Thank you for your Question. 

There are alot of dimensions that need to be covered in your situation. 

1) According to Islamic law, a girl (woman) cannot marry a Non-Believer. in this case you aren’t going to go against just your parents, Rather Allah (az) himself. 

2)Also, according to Islmaic law, a girl (virgin) cannot marry without her fathers consent. 

3) Marrying a revert is perfectly fine. but kindly refer to this link for better understanding https://fiqh.world-federation.org/question/marriage-with-a-convert/. in your case he isn’t a revert yet. 

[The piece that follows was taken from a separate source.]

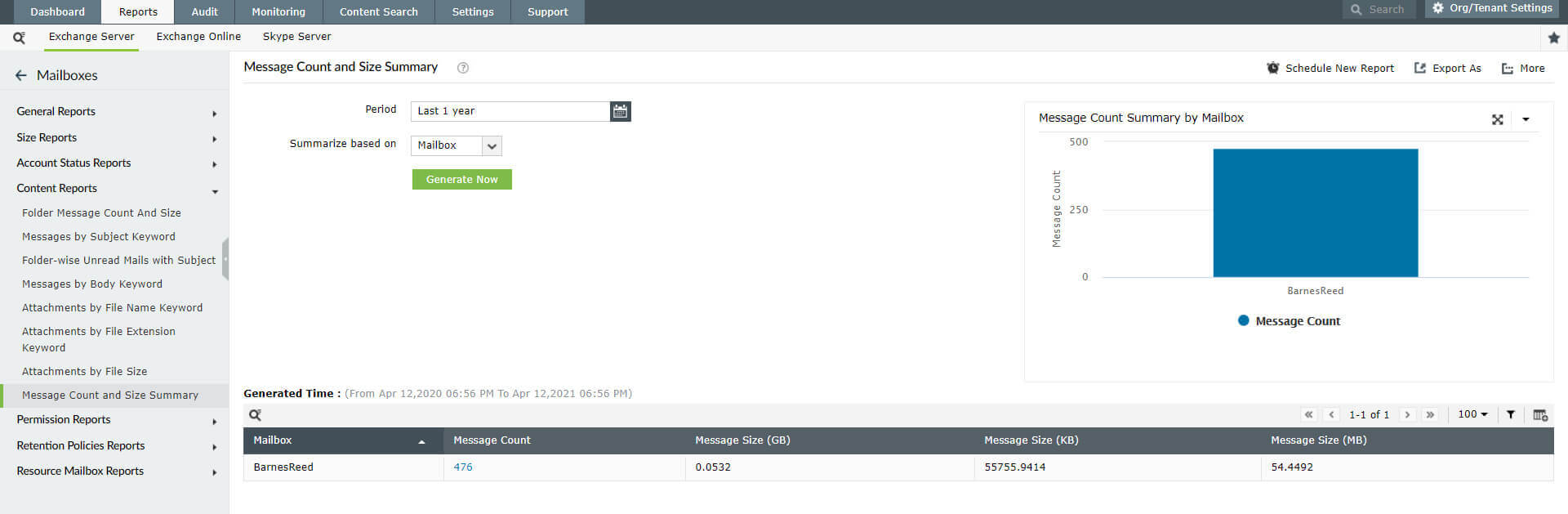 Los informes de contenido del buzón pueden generarse, filtrarse y monitorearse en función de:
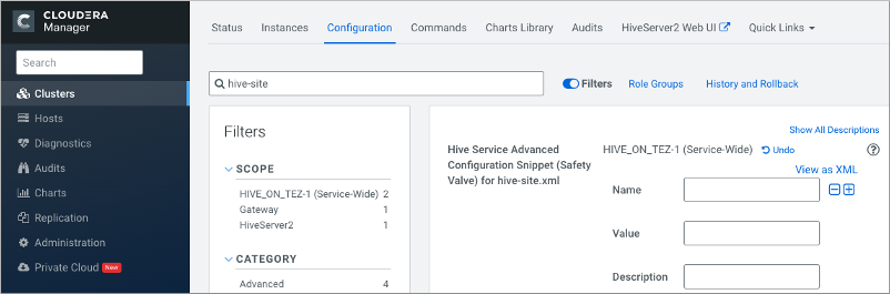 Recommendations. You use the Safety Valve to add these properties to hive-site.xml as

4) in your writing above, in many places you have used Islamic terminologies that dont really mean that. for instnace, “We both eagerly want to get married off soon but our parents are making it more haraam by declining the marriage” your parents arent committing any Haram by declining the marriage. There is no Haram or Halal involved into declining or accpeting a Marriage. (unless ofcourse there are some special condiitons, and in your condition, there isnt any.) kindly see no.1 again 

5) Your understanding of compulison in religion needs a bit of explanantion. you see, initially, there is no forcing someone to believe in Islam, but once he does, and becomes a Muslim, he must comply to all the ‘do’s and dont’s”. One cannot choose to follow parts of Islam that suits him and leave out what doesnt . hence, this fellow cannot be forced to revert to Islam, but if he does, He is obiged to Follow Islam as a complete way of life. 
 

in a nutshel, you need to seek some counseling from a person who understands our religion well. There are alot of other things that needs direct addressing (from what i read from your Question).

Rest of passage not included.